Sempat Lumpuh, Jalur Perbatasan Nunukan Kembali Dibuka

Perbaikan darurat membuka kembali jalur logistik di perbatasan Nunukan setelah jalan ambles akibat curah hujan tinggi.

NUNUKAN – Akses logistik di jalur perbatasan Kalimantan Utara (Kaltara) kembali dibuka setelah Balai Pelaksanaan Jalan Nasional (BPJN) Kaltara menuntaskan penanganan darurat terhadap jalan ambles sedalam sekitar dua meter di Kecamatan Tulin Onsoi, Kabupaten Nunukan (Nunukan).

Pemulihan akses ini dilakukan untuk menjaga konektivitas vital antarwilayah, khususnya jalur penghubung dari Kabupaten Malinau (Malinau) menuju Sei Ular di Nunukan yang sempat lumpuh akibat kerusakan jalan.
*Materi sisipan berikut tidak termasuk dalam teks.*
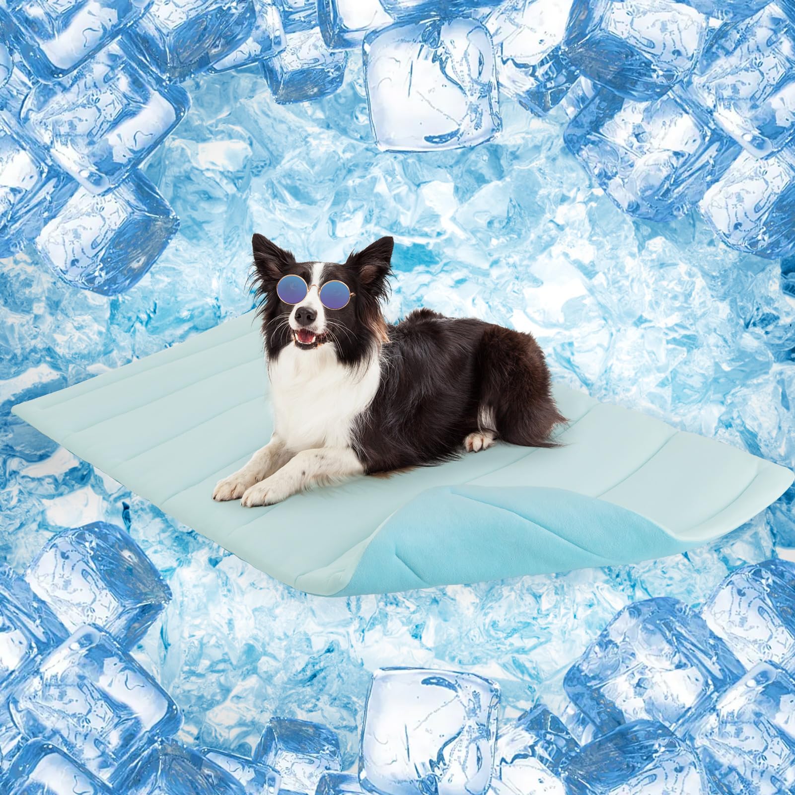 ❄️ARC-CHILL SELF COOLING PET PAD: The surface of the pet summer cooling mat is made of upgraded self-cooling fabric, Arc-chill cool technology, which provides excellent cooling without any water, electricity or refrigeration equipment. For cooler temperatures, use with an air conditioner or fan.

Kini, kendaraan roda dua maupun roda empat sudah dapat melintas secara terbatas di ruas tersebut.

Pejabat Pembuat Komitmen (PPK) 1.4 Satuan Kerja Pelaksanaan Jalan Nasional (Satker PJN) Wilayah I Kaltara, Ahmad Zais, menjelaskan terdapat dua titik kerusakan yang telah ditangani sementara di ruas Simpang 3 Apas–Simanggaris–Tugu Batas Negara (Serudong).
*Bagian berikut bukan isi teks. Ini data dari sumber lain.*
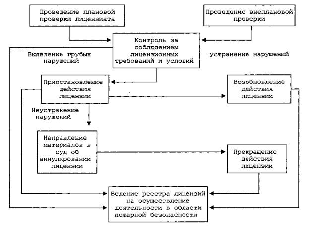 1. Общие положения1.1. Административный регламент Министерства Российской Федерации по делам гражданской обороны, чрезвычайным ситуациям и ликвидации последствий стихийных бедствий по исполнению государственной функции по лицензированию деятельности в области пожарной безопасности (далее - Регламент) определяет сроки и последовательность административных процедур при исполнении Министерством Российской Федерации по делам гражданской обороны, чрезвычайным ситуациям и ликвидации последствий стихийных бедствий (далее - МЧС России) государственной функции по лицензированию деятельности в области пожарной безопасности (далее - административные процедуры). Лицензирование деятельности в области пожарной безопасности включает в себя лицензирование деятельности по тушению пожаров и лицензирование деятельности по производству работ по монтажу, ремонту и обслуживанию средств обеспечения пожарной безопасности зданий и сооружений. В Регламенте под деятельностью по тушению пожаров понимается деятельность по организации и осуществлению профилактики пожаров, организации и осуществлению действий, направленных на спасение людей, имущества и ликвидацию пожаров, а под производством работ по монтажу, ремонту и обслуживанию средств обеспечения пожарной безопасности зданий и сооружений понимается осуществление мероприятий, связанных с монтажом, ремонтом и обслуживанием активных и пассивных систем обеспечения пожарной безопасности (пожаротушения, пожарной и охранно-пожарной сигнализации, противопожарного водоснабжения, дымоудаления, оповещения и эвакуации при пожаре, первичных средств пожаротушения, противопожарных занавесов и завес, заполнений проемов в противопожарных преградах) и их элементов, а также трубо-печных работ, работ по огнезащите материалов, изделий и конструкций. 1.2. Исполнение государственной функции по лицензированию деятельности в области пожарной безопасности осуществляется в соответствии с: Федеральным законом от 21 декабря 1994 г. N 69-ФЗ "О пожарной безопасности";*(1) Федеральным законом от 8 августа 2001 г. N 128-ФЗ "О лицензировании отдельных видов деятельности" (далее - Закон);*(2) Федеральным законом от 8 августа 2001 г. N 134-ФЗ "О защите прав юридических лиц и индивидуальных предпринимателей при проведении государственного контроля (надзора)";*(3) Кодексом Российской Федерации об административных правонарушениях;*(4) Налоговым кодексом Российской Федерации*(5); Указом Президента Российской Федерации от 11 июля 2004 г. N 868 "Вопросы Министерства Российской Федерации по делам гражданской обороны, чрезвычайным ситуациям и ликвидации последствий стихийных бедствий";*(6) постановлением Правительства Российской Федерации от 19 июня 2002 г. N 438 "О едином государственном реестре юридических лиц";*(7) постановлением Правительства Российской Федерации от 16 октября 2003 г. N 630 "О едином государственном реестре индивидуальных предпринимателей, правилах хранения в единых государственных реестрах юридических лиц и индивидуальных предпринимателей документов (сведений) и передачи их на постоянное хранение в государственные архивы, а также о внесении изменений и дополнений в Постановления Правительства Российской Федерации от 19 июня 2002 г. N 438 и 439";*(8) постановлением Правительства Российской Федерации от 26 февраля 2004 г. N 110 "О сове

“Benar ada dua titik, tepatnya di STA 60+250 dan STA 60+600. Keduanya sudah ditangani sementara, pengendara roda dua maupun roda empat sudah bisa melintas, dan saat ini kedua titik tersebut terus kami pantau,” ujar Zais, sebagaimana dilansir DetikKalimantan, Jumat, (10/04/2026).

Menurutnya, perbaikan darurat ditargetkan rampung dalam waktu 24 jam agar jalur kembali fungsional. Metode yang digunakan meliputi penggalian tanah yang rusak, pembuangan material tidak stabil, serta penimbunan ulang menggunakan Lapis Pondasi Agregat Kelas S (LPA Kelas S) dan tanah pilihan yang dipadatkan secara berlapis.

“Untuk proses perbaikan jalan yang ambles kami lakukan dengan cara menggali area yang rusak lalu membuang material tanah yang tidak stabil,” tuturnya.

Selain itu, BPJN Kaltara juga memasang rambu peringatan dan safety line untuk memastikan keselamatan pengguna jalan selama masa pemulihan berlangsung.

Kerusakan jalan tersebut dipicu oleh curah hujan tinggi yang menyebabkan tanah menjadi jenuh air dan kehilangan daya dukung. Kondisi geografis berupa lereng dan perbukitan juga memperbesar risiko terjadinya longsoran dangkal.

“Lokasinya berada di daerah lereng atau perbukitan yang rawan longsor. Ada pergerakan tanah atau longsoran dangkal sehingga terjadi penurunan dan retakan,” kata Zais.

Ia menambahkan, kedua titik ambles berada dalam satu zona geologi yang memiliki karakter tanah lunak dan labil, sehingga rawan mengalami pergerakan saat intensitas hujan meningkat.

Sebelumnya, Camat Tulin Onsoi, Kristoforus Belake, menyebut kerusakan terjadi setelah hujan deras mengguyur wilayah tersebut pada Rabu (8/4), yang diduga menyebabkan sistem drainase tidak berfungsi optimal.

“Aspal yang turun itu kurang lebih 2 meter. Akibat curah hujan tinggi semalam. Gorong-gorongnya mungkin tersumbat, sehingga airnya itu masuk ke badan jalan,” ungkap Kristoforus.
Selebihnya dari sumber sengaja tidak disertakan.